### TASK INSTRUCTIONS
Beginning with the line that holds "OHJ351☆メンズブーツ 新品 ショートブーツ" and finishing with the line that holds "Quartier : rue", repeat the listing exactly, leaving every picture out.

### MATERIAL FOR THIS TASK
<<<<
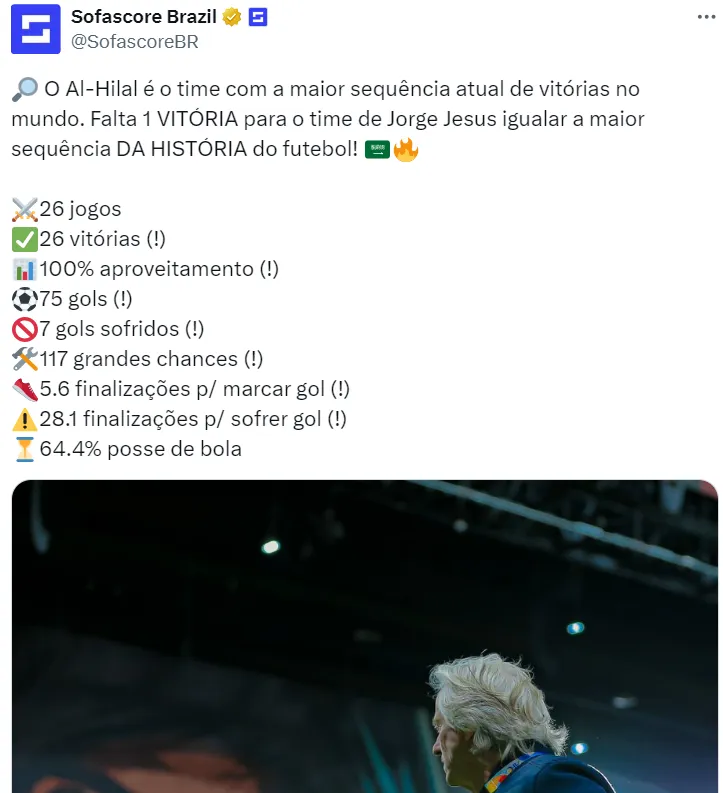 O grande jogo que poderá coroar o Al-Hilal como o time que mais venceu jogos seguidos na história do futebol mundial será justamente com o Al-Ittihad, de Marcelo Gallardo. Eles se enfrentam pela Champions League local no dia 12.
>>>>
<<<<
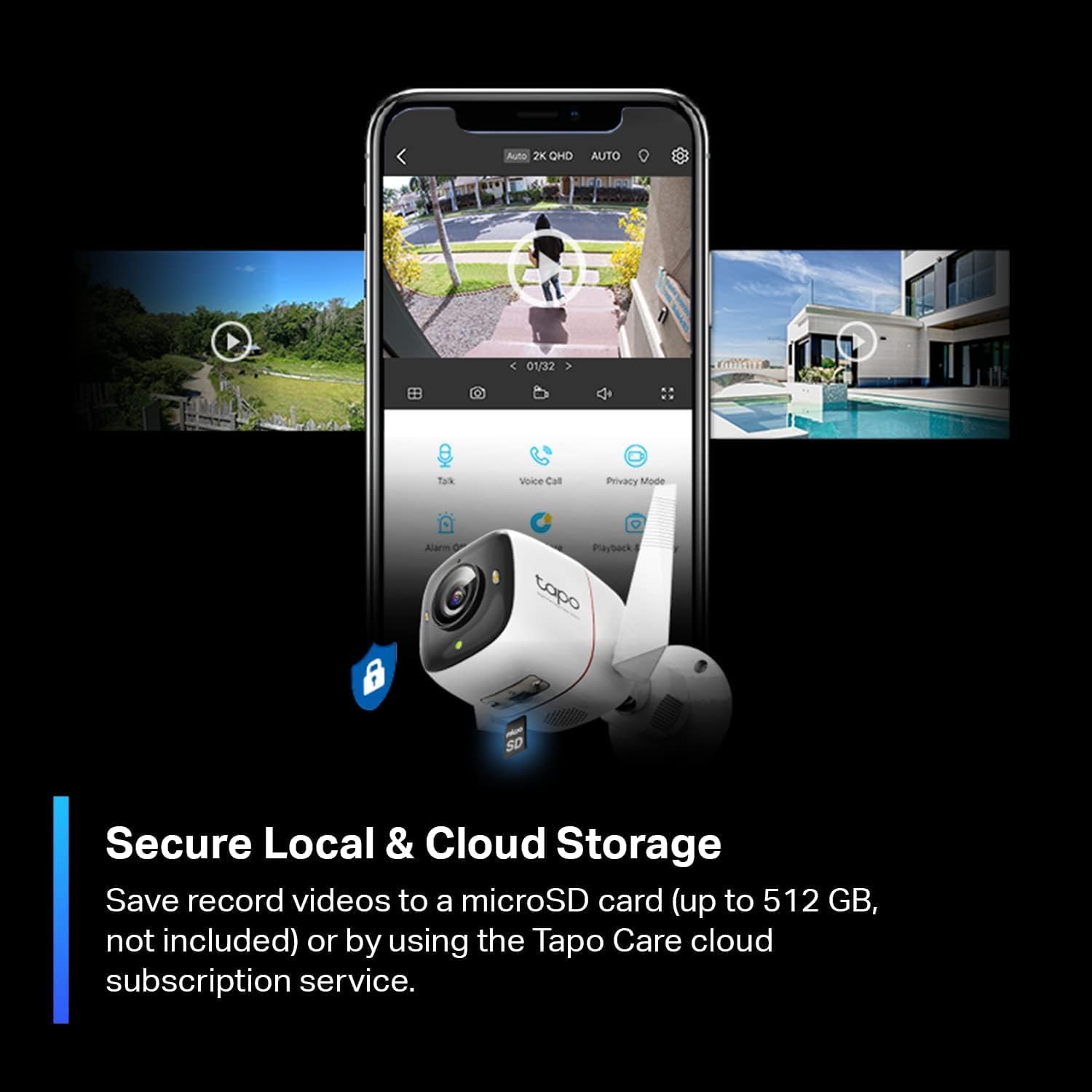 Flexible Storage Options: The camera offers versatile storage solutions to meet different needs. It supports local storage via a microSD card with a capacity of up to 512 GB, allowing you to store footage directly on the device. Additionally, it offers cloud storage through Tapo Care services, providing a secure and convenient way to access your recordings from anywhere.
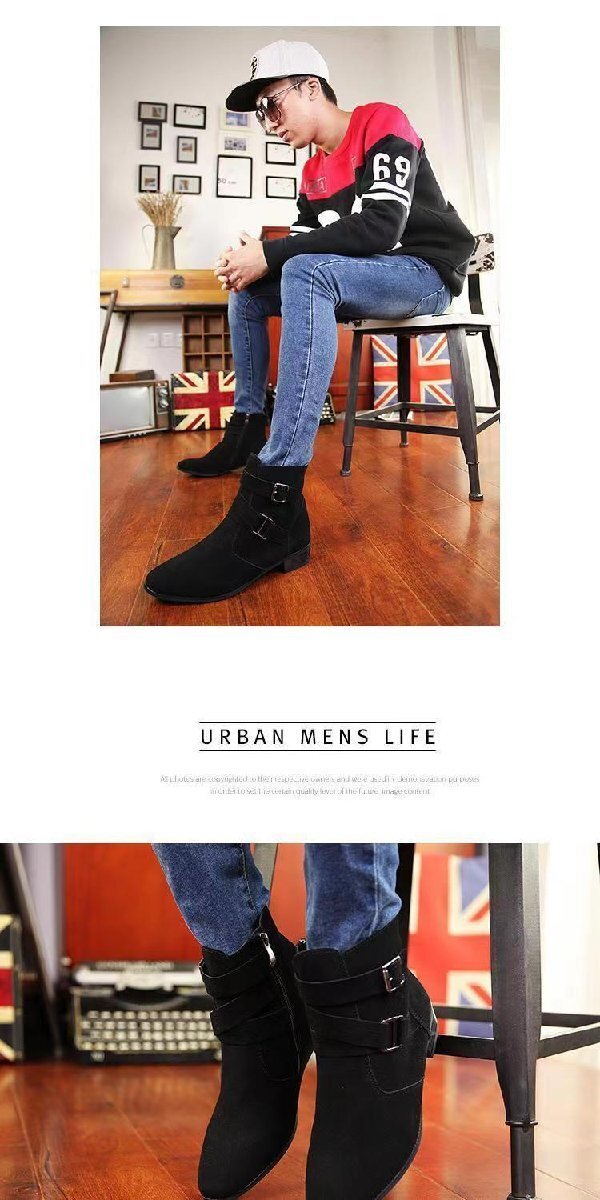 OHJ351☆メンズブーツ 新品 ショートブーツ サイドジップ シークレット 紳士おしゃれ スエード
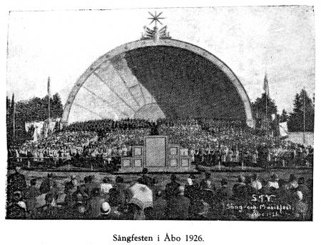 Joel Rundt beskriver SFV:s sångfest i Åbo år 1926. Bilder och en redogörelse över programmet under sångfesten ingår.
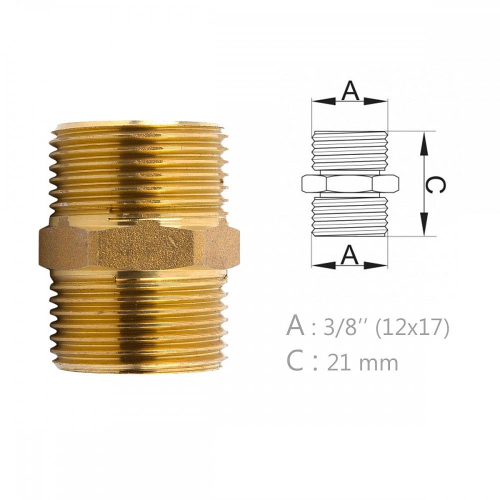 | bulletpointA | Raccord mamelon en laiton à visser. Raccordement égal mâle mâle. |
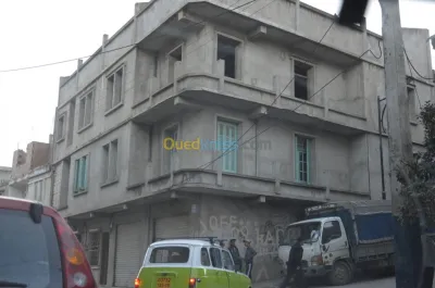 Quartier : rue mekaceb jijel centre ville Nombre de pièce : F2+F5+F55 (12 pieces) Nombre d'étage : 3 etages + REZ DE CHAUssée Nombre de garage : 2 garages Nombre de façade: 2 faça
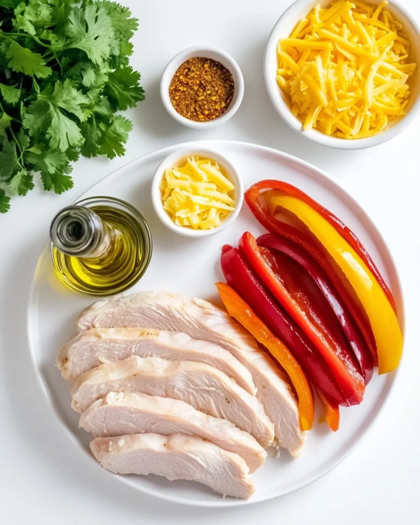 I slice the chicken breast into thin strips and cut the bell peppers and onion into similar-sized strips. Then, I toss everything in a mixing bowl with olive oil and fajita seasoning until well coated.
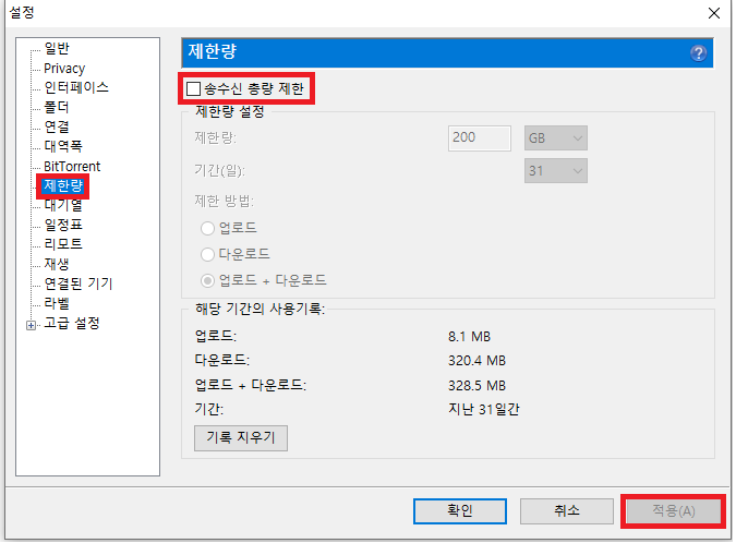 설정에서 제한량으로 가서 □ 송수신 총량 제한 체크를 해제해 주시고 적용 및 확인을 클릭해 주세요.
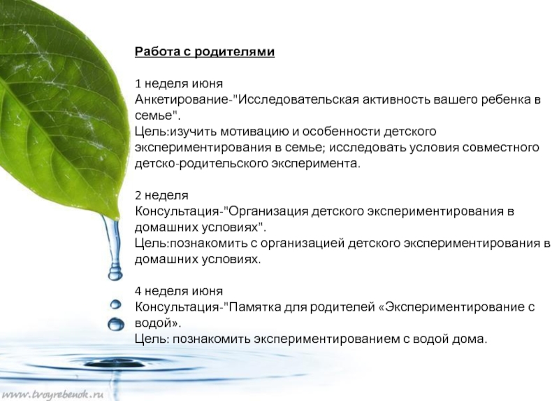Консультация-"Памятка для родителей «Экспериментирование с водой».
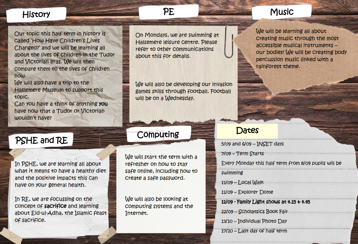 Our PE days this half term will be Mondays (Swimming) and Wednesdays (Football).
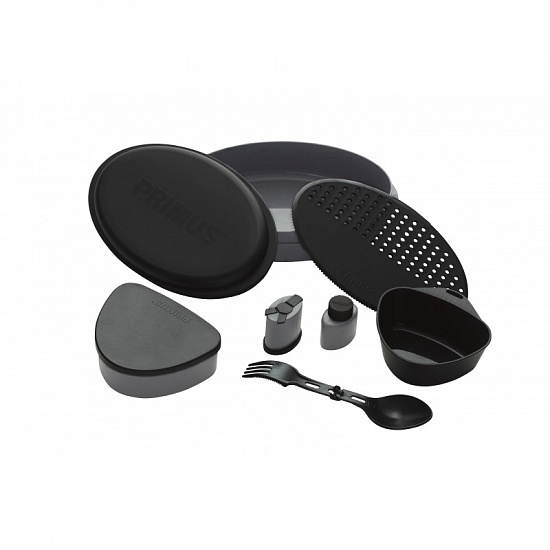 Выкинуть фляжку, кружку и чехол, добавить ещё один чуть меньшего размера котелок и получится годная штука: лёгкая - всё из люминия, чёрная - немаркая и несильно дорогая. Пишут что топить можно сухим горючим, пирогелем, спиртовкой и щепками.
>>>>
### RESULT OF THIS EXERCISE
 OHJ351☆メンズブーツ 新品 ショートブーツ サイドジップ シークレット 紳士おしゃれ スエード
 Joel Rundt beskriver SFV:s sångfest i Åbo år 1926. Bilder och en redogörelse över programmet under sångfesten ingår.
 | bulletpointA | Raccord mamelon en laiton à visser. Raccordement égal mâle mâle. |
 Quartier : rue mekaceb jijel centre ville Nombre de pièce : F2+F5+F55 (12 pieces) Nombre d'étage : 3 etages + REZ DE CHAUssée Nombre de garage : 2 garages Nombre de façade: 2 faça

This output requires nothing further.